The Hollowness of Teleportation

Teleportation isn't ubiquitous in science fiction, but it is common enough for its more disturbing properties to get play. Star Trek popularized it, originally as a means to avoid the expensive effects shots that would be required to land the Enterprise on the Planet of the Week - it wasn't until later that the writers thought of shuttles. Today, the Stargate franchise keeps it up. Teleporters have been around from the beginning in that bundle of series. Nevertheless, I can't really look kindly on teleportation. I'm not the sort of dude to get behind a device which, when everything works properly, kills you.

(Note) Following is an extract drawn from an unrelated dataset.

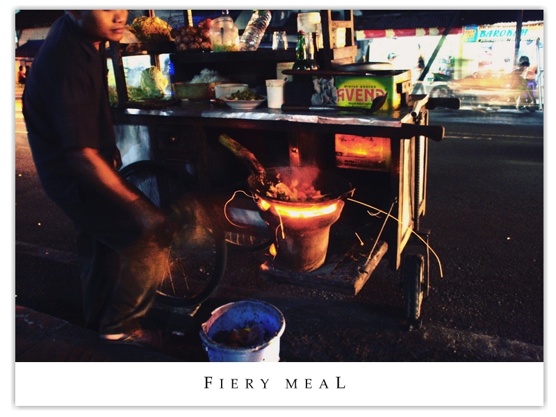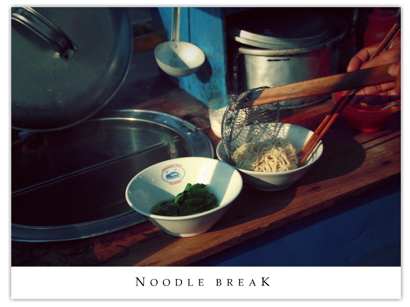 | Itching for something to bite after the barely enough dinner, we found this charming little mobile stall not far from the hotel, still using charcoal for frying stuff. Sat in a row on the bench just by the street and camwhored and had noodles - heavenly. | |||

The "take you apart, put you together" method of teleportation seems to be the most common in current use. The only example I can think of which doesn't use that method is the Battlestar Galactica jump drive, and only then because absolutely nothing was ever explained about its function. Admittedly, the dematerialization school is probably the simplest to imagine - a person is converted into energy and then re-converted into matter on the other end. That doesn't make it any more palatable for me. I've never really been able to understand the seeming obsession with this method of travel.

Still, what most people tend to gloss over in televised portrayals of this technology is that this isn't transportation - this is a gussied-up fax machine with a shredder attached. With these teleporters, what arrives at the end is the product of the same information - a result of the implementation of "how to build this dude from nothing" blueprints - but not the original. How could it be?

Personally, I prefer to stay well away from teleportation. I consider it to be a crutch for authors - it's unnecessary in written portrayals, where effects costs are irrelevant, and with ubiquitous computer-generated imagery the same is effectively true in visual arts. At this point it's more of a stylistic choice, and it's one that I'd rather avoid. Teleporters allow people to be dropped into danger or plucked out of it at the wave of a hat, and their existence tends to require justification on why they can't do X or Y so that they can't solve the problem of the day on their own.

There's actually only one really substantial advantage that I can think of which teleporters provide - they render the issue of differing relative velocities irrelevant. This is particularly important in the Stargate series, where the stargates on either end of the active wormhole may well be moving tens or hundreds of kilometers per second in different directions, relative to each other. This is also an advantage that, I don't think, isn't ever mentioned.